Tapi saya tak peduli karena tak ada peraturan di rumah itu yang mengatakan bahwa saya harus tenang dan tak boleh berisik saat bersenggama.
Troop benar-benar kehabisan tenaga dan saya akan kembali melukis. Tak ada percakapan yang kami lakukan hingga akhirnya saya bisa menyelesaikan lukisan itu. Hari sudah hampir pagi. Dan ini adalah hari Minggu.
Saya akan kembali pada kebosanan yang rutin itu. Dan seperti biasanya juga, saya akan menyelesaikan tugas saya. Saya harus membuat kebahagiaan ini tidak siapa pun memilikinya. Saya siapkan pisau daging, beberapa trashbag besar, dan alat-alat kebersihan. Troop malang itu harus saya habisi sebelum pagi datang. Merepotkan! Saya harus berjalan-jalan di tengah kota bersama tubuhnya.

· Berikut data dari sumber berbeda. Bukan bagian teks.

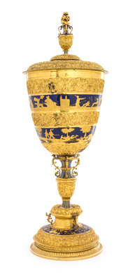 the design with blue enamel bands based on The TvL Cup by Thierry Dierick Luckemans in the Victoria & Albert Museum, London.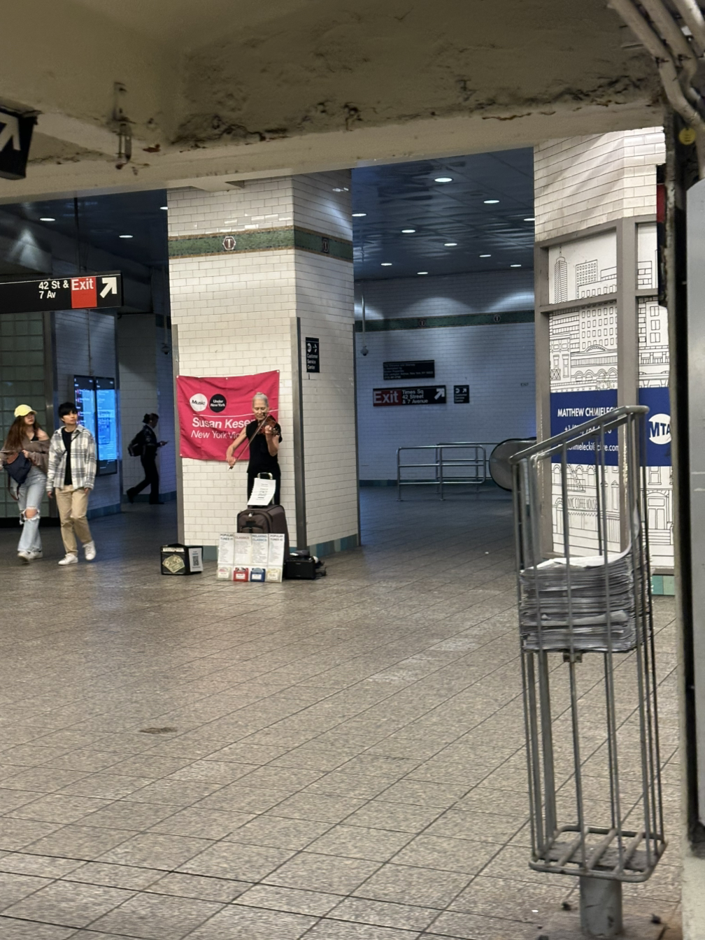 타임스퀘어에서 공연하는 사람들을 봤다. 뉴욕에 사는 사람도, 이렇게 공연을 하는 사람도, 관광객들도 모두 에너지가 넘쳐보인다는 것이 뉴욕의 큰 특징인 것 같다. 공연하는 중에도 '저 사람들 에너지가 좋다'라는 말이라든지, '여러분의 에너지를 나눠주시면 저희도 돌려드릴게요!'라든지 에너지라는 단어가 자주 언급됐다. 뭔가를 행복하게 하는 사람을 보면 절로 기분이 좋아지는데, 그럴 수 있는 기회가 많은 도시라고 느껴진다. 뉴욕의 긍정적이고 활기찬 에너지를 많이 많이 받아가야지! 벌써 밤 11시 반이다. 밖에서는 총소리인지 다른 소리인지 모를 위협적인 소리가 몇 번 들려와서 살짝 무섭기도 하다. 잘 잠들어서 시차적응도 잘 하고, 내일도 재밌게 놀 수 있기를!

Saya harus memisahkan bagian-bagian tubuhnya di beberapa tempat. Yang paling menyenangkan adalah ketika harus menenggelamkan kepala itu di sungai Thames yang tenang. Juga ketika memberikan anjing-anjing di Hyde Park potongan jari-jari nakal manusia. Sementara bagian alat kelamin saya koleksi di dalam toples dengan cairan berpengawet. Saya tempatkan di lemari agar dapat dipandang di kala harus mengingat hal-hal yang tak pernah ada di ingatan. Kadang saya buka lebar-lebar lemari itu hanya sekedar menciumi aroma air pengawet agar muncul semacam rangsangan di kepala. Mungkin bau anyir dan busuk kadang tercium di rumah itu.

Sebagaimana orang kesepian di kota ini, si janda tua itu mungkin tidak peduli dengan semua yang sepertinya diketahuinya. Ssstt! Di peraturan rumah janda itu tidak ada pelarangan pembunuhan. Yang penting, bayaran bulanan lancar, dan peraturan yang dia buat tidak dilanggar.
Nah! Minggu depan, mungkin nama saya berganti Caldwell, Hardwin, Grissham, atau nama Anda. Sekarang bayangkan oleh Anda, saya sedang tersenyum tanpa bahagia.